(Beginning of RECORDED DATA)

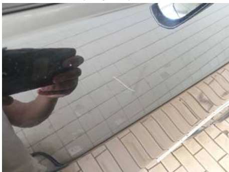
Porte avant droite (Rayure)
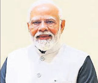
ନୂଆଦିଲ୍ଲୀ, ୬।୧୧ (ପି.ଟି.)

ରାଷ୍ଟ୍ରପତି ନିର୍ବାଚନରେ ଏତିହାସିକ ବିଜୟ ପାଇଁ ବନ୍ଧୁ ତୋନାଲ୍ ଟ୍ରମ୍ପ୍ ପ୍ରଧାନମନ୍ତ୍ରୀ ନରେନ୍ଦ୍ର ମୋଦି ହୃଦୟଭରା ଅଭିନନ୍ଦନ ଜଣାଇଛନ୍ତି। ଭାରତ-ଆମେରିକା ବିସ୍ତୃତ ବୈଶ୍ୱିକ ଓ ରକ୍ଷଣାତ୍ମକ ସହଭାଗିତାକୁ ଆହୁରି ମଜବୁତ କରିବା ଦିଗରେ ସହଯୋଗ ବଢ଼ାଇବାକୁ ଚାହୁଁଥିବା ପ୍ରଧାନମନ୍ତ୍ରୀ କହିଛନ୍ତି। ଉଭୟ ଦେଶବାସୀଙ୍କ ମଙ୍ଗଳ ଏବଂ ବିଶ୍ୱ ଶାନ୍ତି, ସ୍ଥିରତା ଏବଂ ସମୃଦ୍ଧି ପ୍ରସାର ଦିଗରେ ଏକାଠି କାର୍ଯ୍ୟ କରିବା ପାଇଁ ମୋଦି ଆହ୍ୱାନ ଦେଇଛନ୍ତି। ସୁତନାୟୋଗ୍ୟ, ଗତ ମାସରେ ଟ୍ରମ୍ପ୍ ପ୍ରଧାନମନ୍ତ୍ରୀଙ୍କୁ ସବୁଠୁ ସୁନ୍ଦର ବ୍ୟକ୍ତି ଏବଂ ମୋଦି ବନ୍ଧୁ ବୋଲି କହିଥିଲେ। କଂଗ୍ରେସ୍ ଅଧକ୍ଷ ମଲ୍ଲିକାର୍ଜୁନ ଖାର୍ଜେ ବଳ ଚରଫ୍ ଟ୍ରମ୍ପ୍ ଅଭିନନ୍ଦନ ଜଣାଇଛନ୍ତି। ବିଶ୍ୱ ଶାନ୍ତି ଏବଂ ସମୃଦ୍ଧି ପାଇଁ ଆମେରିକା ସହ କାର୍ଯ୍ୟ କରିବାକୁ ଚାହୁଁ ବୋଲି ସେ ଲେଖିଛନ୍ତି।

(End of RECORDED DATA)

* EXERCISE DESCRIPTION: Leaving aside the pictures, copy the listing above exactly.

* ANSWER:
Porte avant droite (Rayure)
ନୂଆଦିଲ୍ଲୀ, ୬।୧୧ (ପି.ଟି.)

ରାଷ୍ଟ୍ରପତି ନିର୍ବାଚନରେ ଏତିହାସିକ ବିଜୟ ପାଇଁ ବନ୍ଧୁ ତୋନାଲ୍ ଟ୍ରମ୍ପ୍ ପ୍ରଧାନମନ୍ତ୍ରୀ ନରେନ୍ଦ୍ର ମୋଦି ହୃଦୟଭରା ଅଭିନନ୍ଦନ ଜଣାଇଛନ୍ତି। ଭାରତ-ଆମେରିକା ବିସ୍ତୃତ ବୈଶ୍ୱିକ ଓ ରକ୍ଷଣାତ୍ମକ ସହଭାଗିତାକୁ ଆହୁରି ମଜବୁତ କରିବା ଦିଗରେ ସହଯୋଗ ବଢ଼ାଇବାକୁ ଚାହୁଁଥିବା ପ୍ରଧାନମନ୍ତ୍ରୀ କହିଛନ୍ତି। ଉଭୟ ଦେଶବାସୀଙ୍କ ମଙ୍ଗଳ ଏବଂ ବିଶ୍ୱ ଶାନ୍ତି, ସ୍ଥିରତା ଏବଂ ସମୃଦ୍ଧି ପ୍ରସାର ଦିଗରେ ଏକାଠି କାର୍ଯ୍ୟ କରିବା ପାଇଁ ମୋଦି ଆହ୍ୱାନ ଦେଇଛନ୍ତି। ସୁତନାୟୋଗ୍ୟ, ଗତ ମାସରେ ଟ୍ରମ୍ପ୍ ପ୍ରଧାନମନ୍ତ୍ରୀଙ୍କୁ ସବୁଠୁ ସୁନ୍ଦର ବ୍ୟକ୍ତି ଏବଂ ମୋଦି ବନ୍ଧୁ ବୋଲି କହିଥିଲେ। କଂଗ୍ରେସ୍ ଅଧକ୍ଷ ମଲ୍ଲିକାର୍ଜୁନ ଖାର୍ଜେ ବଳ ଚରଫ୍ ଟ୍ରମ୍ପ୍ ଅଭିନନ୍ଦନ ଜଣାଇଛନ୍ତି। ବିଶ୍ୱ ଶାନ୍ତି ଏବଂ ସମୃଦ୍ଧି ପାଇଁ ଆମେରିକା ସହ କାର୍ଯ୍ୟ କରିବାକୁ ଚାହୁଁ ବୋଲି ସେ ଲେଖିଛନ୍ତି।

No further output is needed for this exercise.